Design loci for Cbln2 and its known enhancers


<a id='top'></a>
# Table of Contents

> 0. [Minimum required packages and settings](#0)
>>
>> 0.1: [load required packages](#0.1)
>>
>> 0.2: [required parameters for library](#0.2)
>
>1. [Extract region sequences](#1)
>>
>>1.1 [load gene list](#1.1)
>>
>>1.2 [load gene TSS sequences](#1.2)
>
>2. [Design a sequential tracing encoding scheme](#2)
>>
>>2.1 [generate gene_2_readout](#2.1)
>
>3. [Design targeting sequences](#3)
>>
>>3.1 [Construct count table with all the 17-mers in the genome](#3.1)
>>
>>3.2 [Design probes targeting sequences by pb_designer](#3.2)
>>
>>3.3 [Summarize into pb_dict](#3.3)
>
>4. [Assemble probes](#4)
>>
>>4.1 [Load region_2_readouts](#4.1)
>>
>>4.2 [Load primers and readouts](#4.2)
>>
>>4.3 [Assemble probes](#4.3)
>
>5. [Check probe quality](#5)
>>
>>5.1 [Basic quality_checks](#5.1)
>>
>>5.2 [Blast screening](#5.2)
>>
>>5.3 [Reload saved probes and check length](#5.3)


<a id='0'></a>
# 0. Minimum required packages and parameters


[back to top](#top)

<a id='0.1'></a>
## 0.1 load required packages

[back to top](#top)

In [3]:
%run "..\..\Startup_py3.py"
sys.path.append(r"..\..\..\..\Documents")

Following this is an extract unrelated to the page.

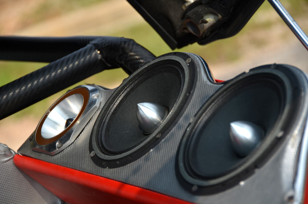 Konfigurasi mid bass dipecahkan kepada dua laluan utama dengan penggunaan 4 speaker mid bass Q Mobile berukuran 6” dan 2 unit horn tweeter juga dari Q Mobile. Setiap satu daripada gugusan speaker ini dipandu oleh amplifier Alpine 4 channel dan untuk tidak mengelirukan pemasangan, kesemuanya ditempatkan di bahagian yang sama di mana woofer dipasangkan. Kelompok yang boleh ditegak atau dibaringkan ini mungkin nampak kreatif tetapi pemasangannya adalah mimpi ngeri kerana wayar yang berselirat dibawahnya perlu dipasang dengan sangat kemas. Silap haribulan, kereta boleh jadi unggun api!

import ImageAnalysis3 as ia
%matplotlib notebook

from ImageAnalysis3 import *
print(os.getpid())

# library design specific tools
from ImageAnalysis3.library_tools import LibraryDesigner as ld
from ImageAnalysis3.library_tools import LibraryTools as lt
# biopython imports
from Bio import SeqIO
from Bio.Seq import Seq
from Bio.SeqRecord import SeqRecord
from Bio.Blast.Applications import NcbiblastnCommandline
from Bio.Blast import NCBIXML

34976


<a id='0.2'></a>
## 0.2 required parameters for library

[back to top](#top)

In [54]:
## Some folders
# NEW mouse genome
genome_assembly = 'GRCm39'
reference_folder = os.path.join(r'\\10.245.74.212\Chromatin_NAS_2\Chromatin_Libraries\Genomes\mouse', f'{genome_assembly}_ensembl')
genome_folder = os.path.join(reference_folder, 'Genome')
# Library directories
pool_folder = r'\\10.245.74.212\Chromatin_NAS_2\Chromatin_Libraries\CTP-15_MeCP2_genes'

In [6]:
resolution = 1000
flanking = 5000

print(f"resolution: {resolution}, flanking size: {flanking}")
# folder for sub-pool
library_folder = os.path.join(pool_folder, f'Cbln2')
if not os.path.exists(library_folder):
    print(f"create library folder: {library_folder}")
    os.makedirs(library_folder)
# folder for fasta sequences
sequence_folder = os.path.join(library_folder, 'sequences')
if not os.path.exists(sequence_folder):
    print(f"create sequence folder: {sequence_folder}")
    os.makedirs(sequence_folder)
# folder to save result probes
report_folder = os.path.join(library_folder, 'reports')
if not os.path.exists(report_folder):
    print(f"create report folder: {report_folder}")
    os.makedirs(report_folder)
    
print(f"-- library_folder: {library_folder}")
print(f"-- sequence_folder: {sequence_folder}")
print(f"-- report_folder: {report_folder}")

resolution: 1000, flanking size: 5000
create library folder: \\10.245.74.212\Chromatin_NAS_2\Chromatin_Libraries\CTP-15_MeCP2_genes\Cbln2
create sequence folder: \\10.245.74.212\Chromatin_NAS_2\Chromatin_Libraries\CTP-15_MeCP2_genes\Cbln2\sequences
create report folder: \\10.245.74.212\Chromatin_NAS_2\Chromatin_Libraries\CTP-15_MeCP2_genes\Cbln2\reports
-- library_folder: \\10.245.74.212\Chromatin_NAS_2\Chromatin_Libraries\CTP-15_MeCP2_genes\Cbln2
-- sequence_folder: \\10.245.74.212\Chromatin_NAS_2\Chromatin_Libraries\CTP-15_MeCP2_genes\Cbln2\sequences
-- report_folder: \\10.245.74.212\Chromatin_NAS_2\Chromatin_Libraries\CTP-15_MeCP2_genes\Cbln2\reports


<a id='1'></a>
# 1 Extract region sequences

In CTP12, I have a code to extract region_dict from TSS of genes, and the information came from .gff3 files in the Ensembl archive.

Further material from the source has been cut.